激甘御曹司は孤独な彼女を独占愛で満たす

 あの日、病院に連れて行ってシャンプーをしたあの雑種犬のモップは、とても可愛い子犬ちゃんで、もちろん肉球の匂いも堪らない良い子だった。

「先輩って、犬飼ってましたっけ?」
「え?」

同僚とランチを一緒にする機会が増えていたけれど、それに伴って石井くんとの遭遇が増えた昼休み。
いつものように空いているロビーの席で買ってきた適当なサンドイッチを食べていると、石井がやってきてそう言ったのだった。

「突然なんで?」

もしかして、犬臭い?
さすが調香品を営業しているだけある。
いや、でも匂いフェチの私が犬の匂いを香水のように纏っているはずないし。
混乱する私に、石井くんが携帯の液晶画面を指さす。

「いつもロック画面、調香前の素材とか、完成品とか色気のないもんだったでしょ」
「そうだっけ?」
「石井くん、チェックの仕方がきもーい」
「や、違うんですよ。営業だから、色々香水の知識とか勉強したくて、先輩の知識を吸収したくて」
「意外と真面目―」

私もゲラゲラ笑ってごまかしておいた。
待ち受けは、宇柳さんが飼いだしたモップ犬のモップだ。いや、まだ名前で宇柳さんと争っている段階なので、明言はできない。

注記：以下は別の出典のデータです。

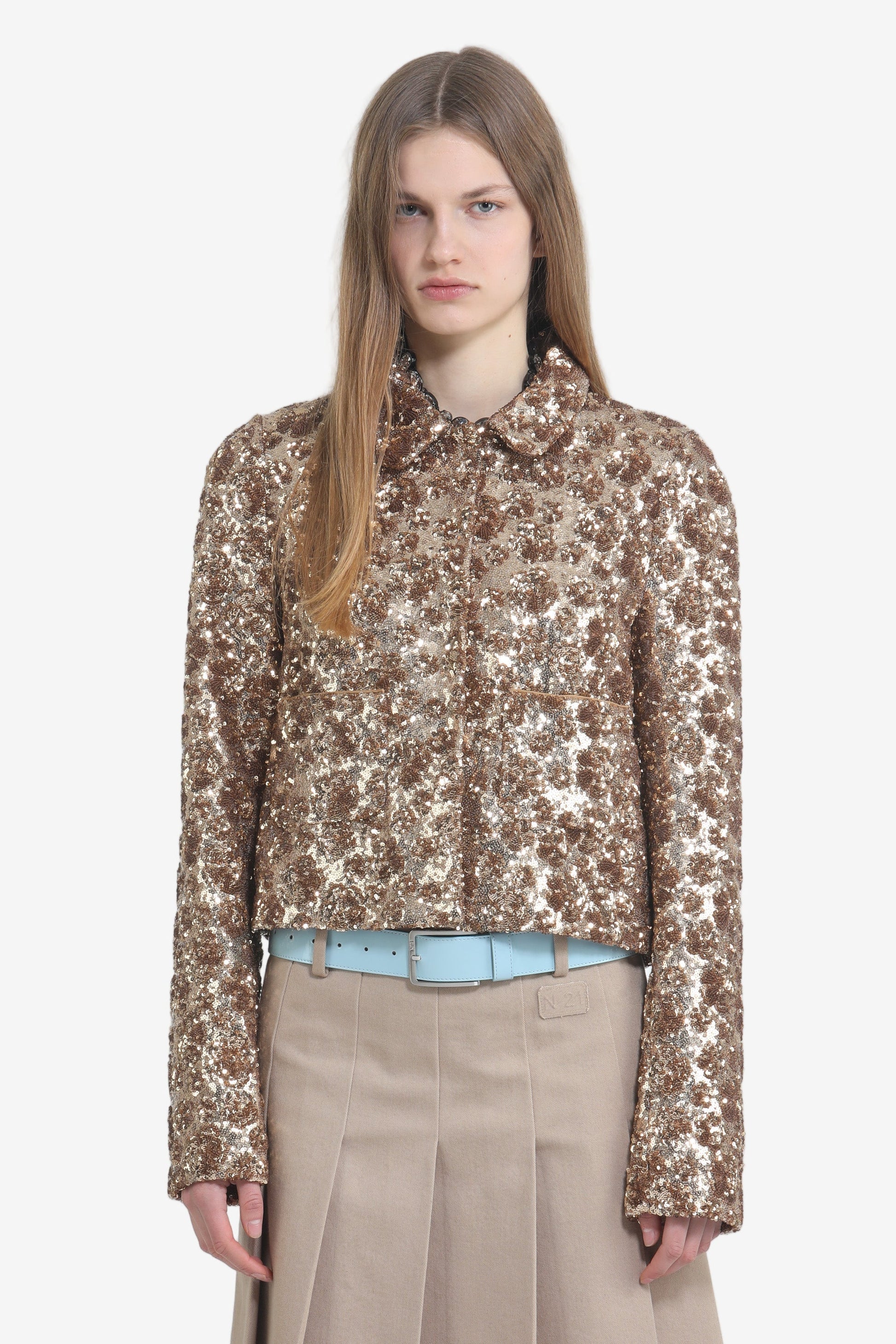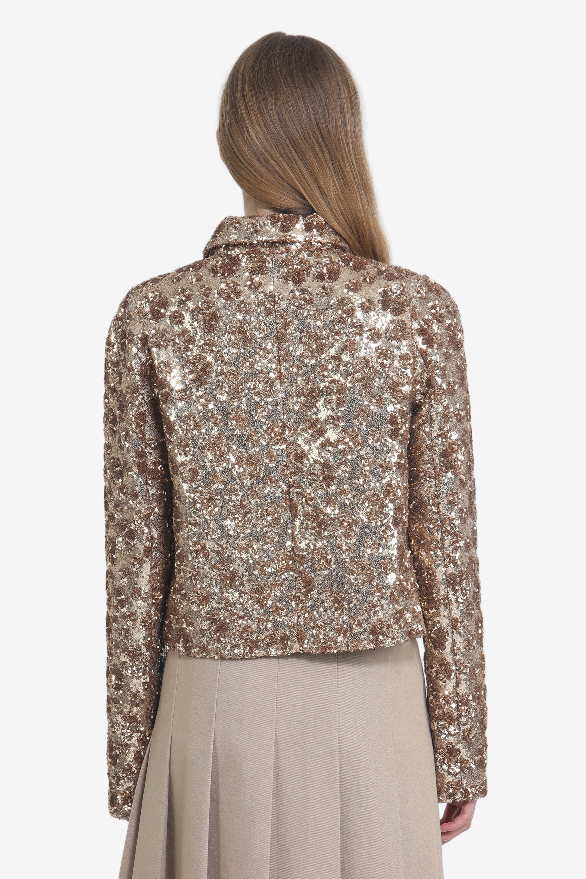 Giacca corta realizzata in tessuto con applicazioni di paillettes che coprono l'intera superficie. Il capo presenta una vestibilità regolare con collo classico e taschine frontali integrate nella costruzione. Il design è caratterizzato da una linea dritta e un taglio che arriva alla vita, ideale per un look definito e moderno.

「この子ね、庭に迷い込んでいたからお迎えしたの。トイプードルかマルチーズの血が混じってるのか、毛がモップみたいに伸びててね」
「あら、可愛い。雑種なの?」
「雑種でも高貴な人間と一緒に居れば顔が高貴になるのよ」
「半端ない犬馬鹿っす」
呆れて口が塞がらない石井くんとは反対に、斉木さんは爆笑している。